[Your objective]: Please give all of the data again, character for character, and drop the pictures.

[Provided data]:

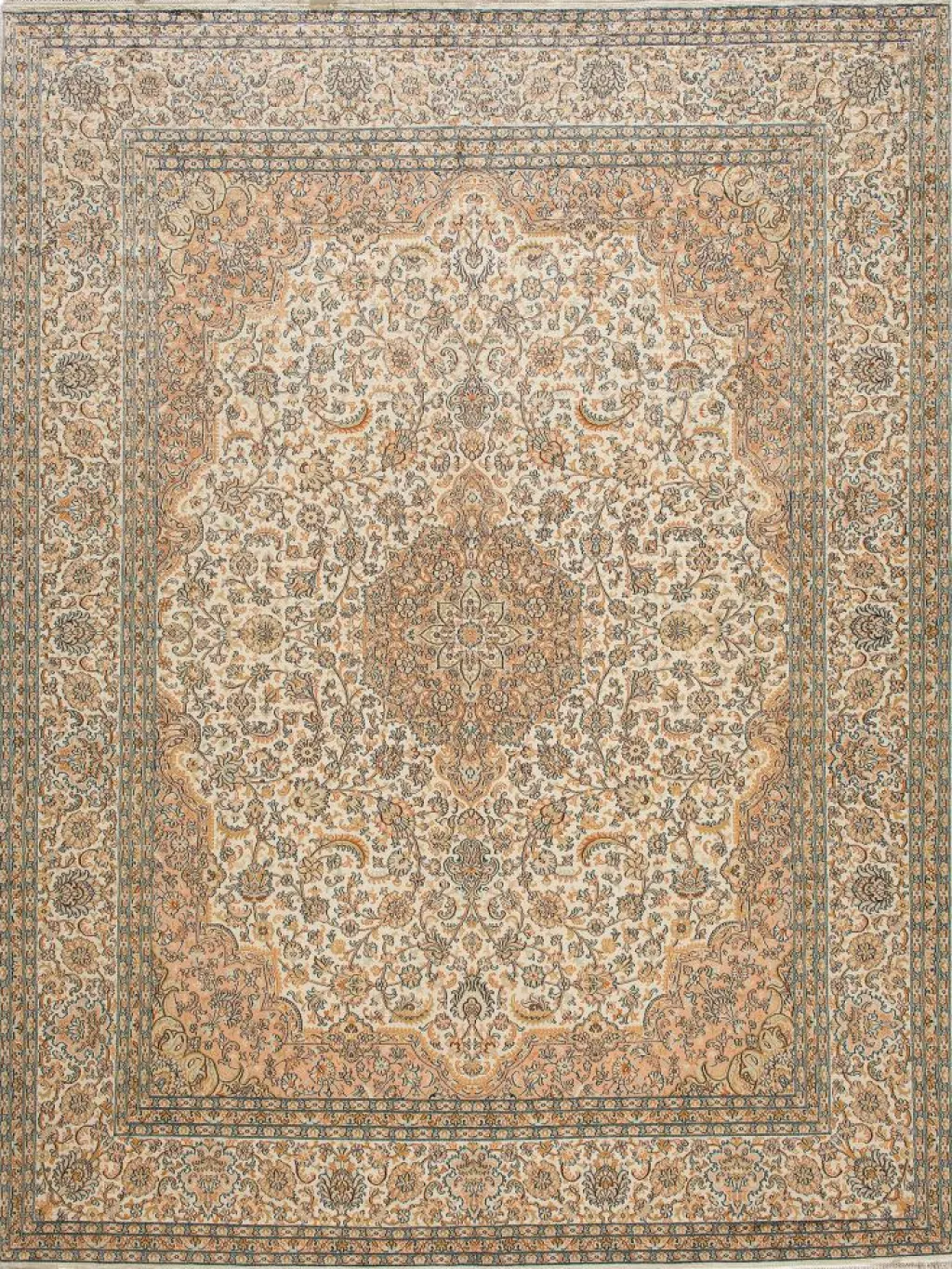 -Teppiche sind eher zurückhaltend, die Muster nach wie vor sehr stark persisch beeinflusst. Florale Motive und das persischeFeldermuster
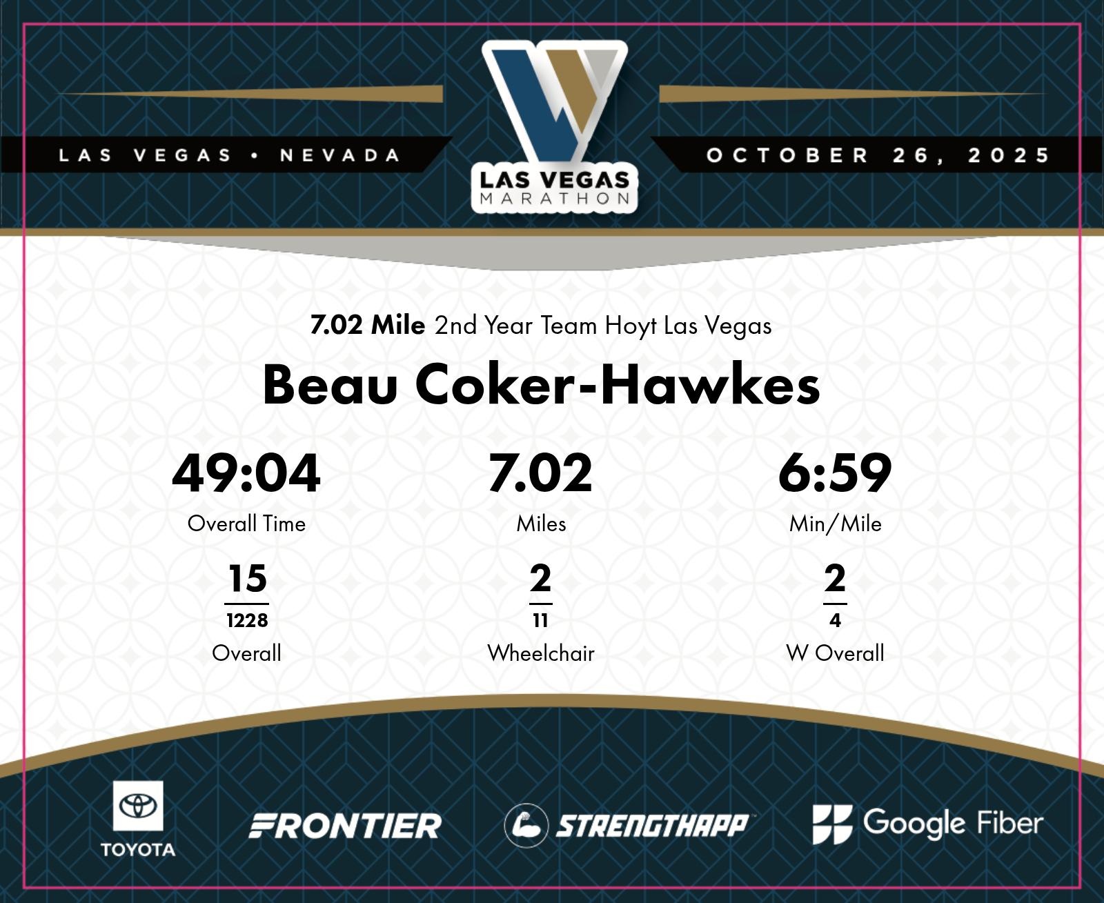 Date: Oct. 26, 2025 Participant: Beau Coker-Hawkes #6605 Race: 2025 Las Vegas 7.02 Mile Distance: 7.02 miles
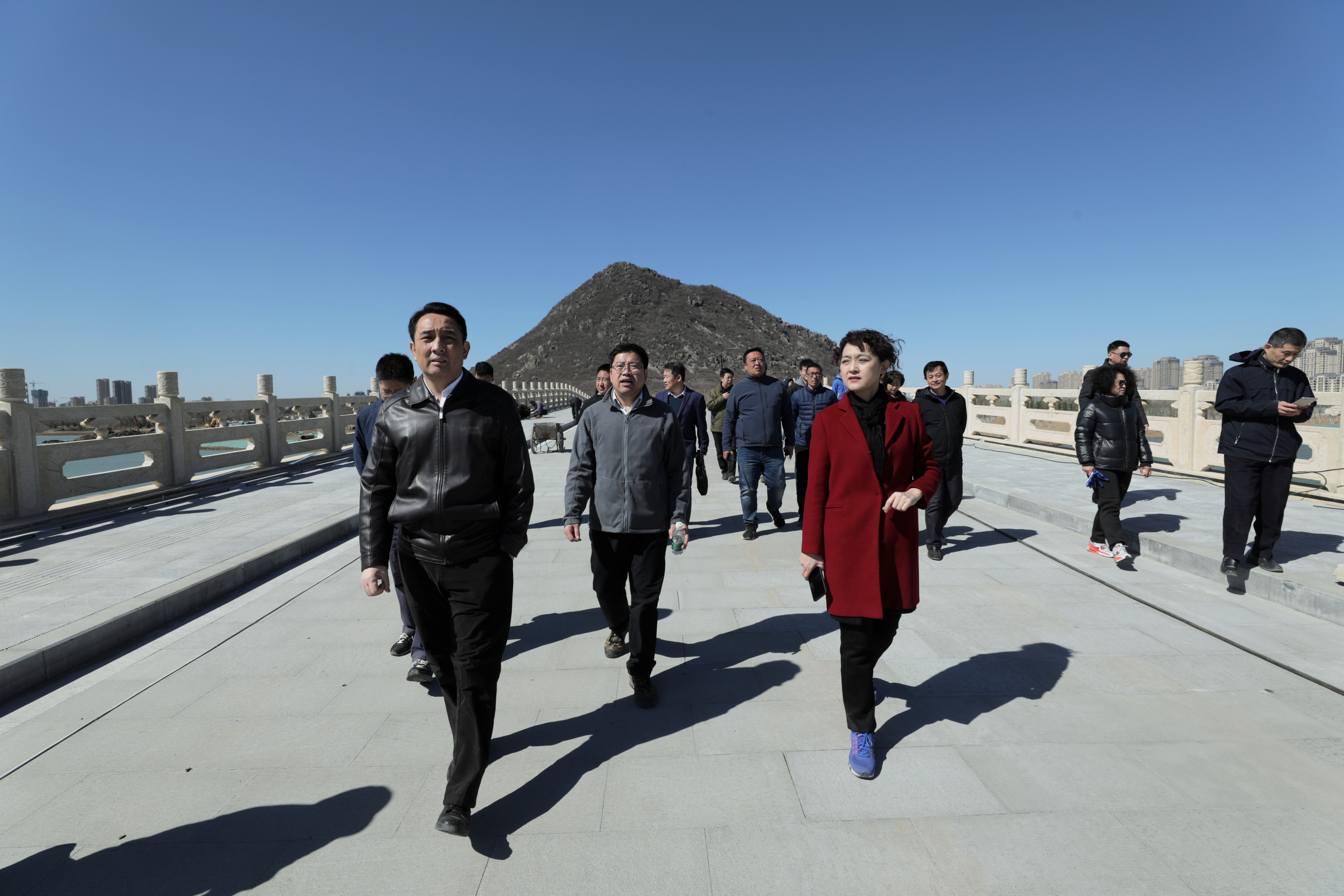 活動結(jié)束后,大家登上煙雨橋,實地察看了橋梁和濕地公園二期建設(shè)情況。

[Completed task]:
 -Teppiche sind eher zurückhaltend, die Muster nach wie vor sehr stark persisch beeinflusst. Florale Motive und das persischeFeldermuster
 Date: Oct. 26, 2025 Participant: Beau Coker-Hawkes #6605 Race: 2025 Las Vegas 7.02 Mile Distance: 7.02 miles
 活動結(jié)束后,大家登上煙雨橋,實地察看了橋梁和濕地公園二期建設(shè)情況。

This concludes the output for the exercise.